No entanto, apesar de Lula ter mencionado esta agenda desde 2008-2009 e de os chineses expressarem seu interesse em financiar o projeto de construção dos 5.000 km de estradas de ferro há mais de 10 anos, a rota só tem uns poucos trechos construídos, e a maior parte não passou da fase de estúdio. Porque?

Em primeiro lugar, foi registrado que os anos 2013-2016 coincidiram com a estratégia híbrida de desestabilização do Brasil - multidirecional, multidimensional e com agentes tanto à direita quanto à izquierda -, que começou com a “luta anticorrupção” e os protestos contra o Mundial, as Olimpíadas e o aumento das tarifas de ônibus, e culminou com o golpe da presidente Dilma Rousseff, a quase quebra de inúmeras empresas estratégicas brasileiras (devido à Operação lava-jato) e o encarcelamento ilegal de Lula.

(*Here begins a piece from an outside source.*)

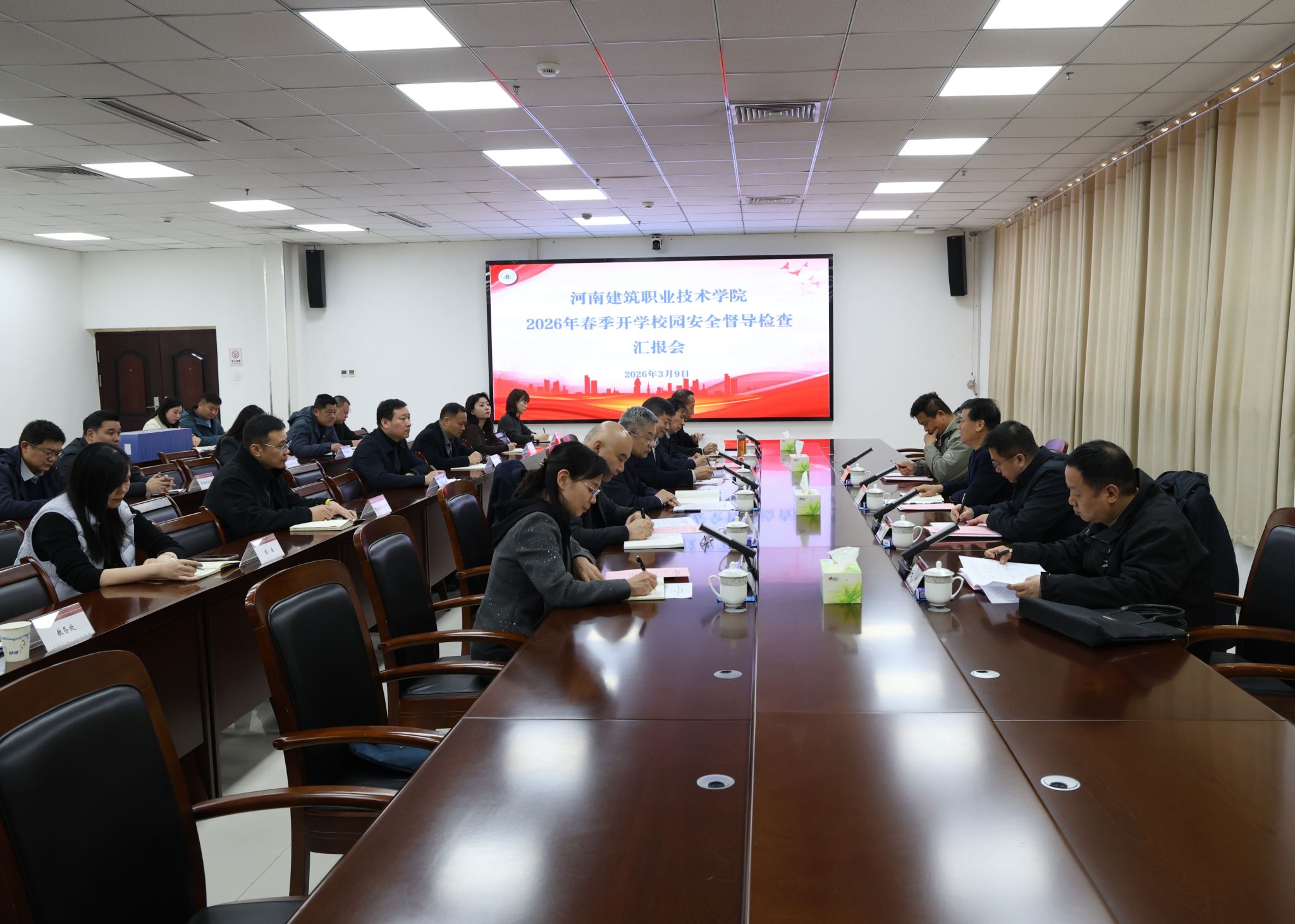 3月9日,省教育厅第十督导组到我校检查春季开学校园安全工作。校领导焦涛、刘振民、王辉、袁长林、赵肖丹、崔东方及相关职能部门负责人陪同检查。

Isso parou não apenas a capacidade de inversão do Brasil, mas também a capacidade de iniciar projetos de infraestrutura em um amplo espaço (além de aumentar a influência atlantista em nosso país).

Mas também podemos ignorar a pressão dos meios de comunicação e das ONG, que ao longo dos anos sempre foi pressionada contra as obras necessárias para construir a via férrea, alegando possíveis danos ao meio ambiente dos tribos indígenas.

Por exemplo, em julho de 2015, El País publicou um artigo intitulado “Ferrocarril patrocinado pela China amenaza 'tierra virgen' en Acre”, referindo-se simultaneamente à narrativa racista de um “peligro amarillo” e supõe riscos medioambientais e antropológicos. No artigo, o El País menciona que é um “grande risco” que o ferrocarril passe “cerca” de aldeias indígenas, o que deveria bastar para cancelar o projeto. E foram famosos no Brasil os casos em que o poder judicial e o Ministério Público embargaram obras de infraestrutura, especialmente carreteras e ferrocarriles, e casos em que ONG e partidos políticos liberais de esquerda foram denunciados por supostos riscos para o meio ambiente o para as tribos indígenas. Um exemplo disso é o estrada de ferro de Sinop, no Mato Grosso, no porto de Miritituba, no Pará, para transporte de cultivos de soja e milho, que foi bloqueado por uma medida cautelar concedida pelo Supremo Tribunal Federal em 2021.

Condições como esta geram um grau de insegurança jurídica que dissuade a inversão em projetos de infraestrutura, que sempre envolvem grandes somas de dinheiro e exigem estabilidade para tratar projetos de longo prazo.

No entanto, após o período de inestabilidade associado ao impeachment e ao governo Bolsonaro, no qual a estrada de ferro Transoceânica foi ignorada, o tema voltou a ser discutido - provavelmente um sinal de que a China reconhece em Lula uma “cara honesta e conhecida” confiável para negociar projetos de larga escala.

Este projeto, por sua vez, está vinculado aos novos projetos do PAC anunciados há alguns meses, alguns dos quais também implicam conexões entre setores produtivos e portos do Pacífico, com 124 obras previstas para unificar a Sudamérica através da infraestrutura, com a ajuda do BNDES, do BID, da CAF e da China.

No entanto, frente a essas possibilidades e ao modus operandi clássico do Ocidente Atlantista, cabe perguntar se as elites globalistas tolerarão realmente este tipo de projetos vinculados à “Nova Rota da Seda” China, sobre todo o momento em que o Atlantismo está sendo expulso da África e questionado na Eurásia e no Oriente Médio.